• [Provided data]:
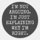 I'm Not Arguing I'm Just Explaining Why I'm Right. Classic Round Sticker
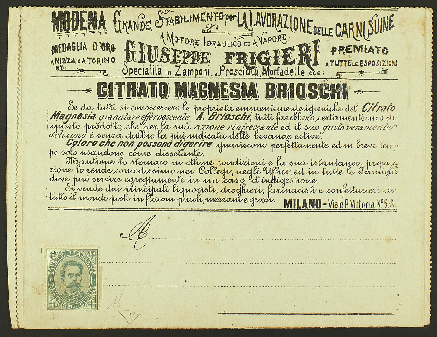 1887 - 4 c. / 5 c. verde su francalettera non viaggiata - Cert. Diena
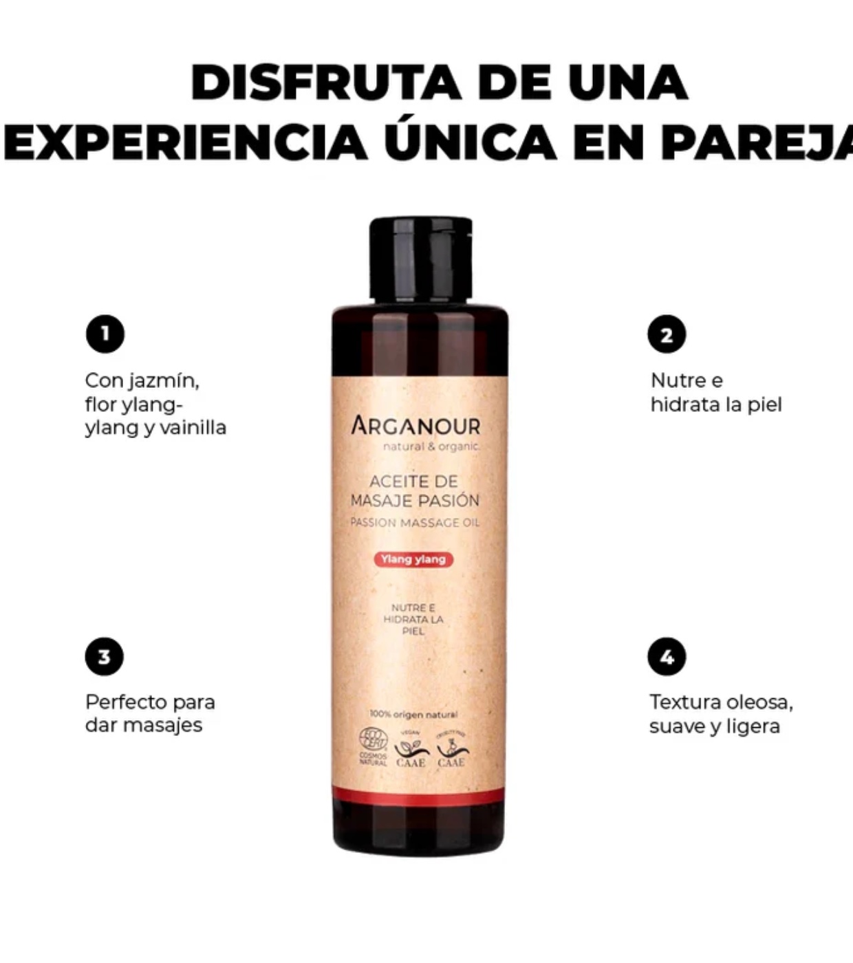 Enjoy a unique experience as a couple with Arganour's 100% natural passion massage oil . It will awaken all your senses and allow you to enjoy an unforgettable moment with your loved one.

• [Instructions for the task]: Take every line of the material and copy it exactly, leaving out the pictures.

• [Response to the exercise]:
 I'm Not Arguing I'm Just Explaining Why I'm Right. Classic Round Sticker
 1887 - 4 c. / 5 c. verde su francalettera non viaggiata - Cert. Diena
 Enjoy a unique experience as a couple with Arganour's 100% natural passion massage oil . It will awaken all your senses and allow you to enjoy an unforgettable moment with your loved one.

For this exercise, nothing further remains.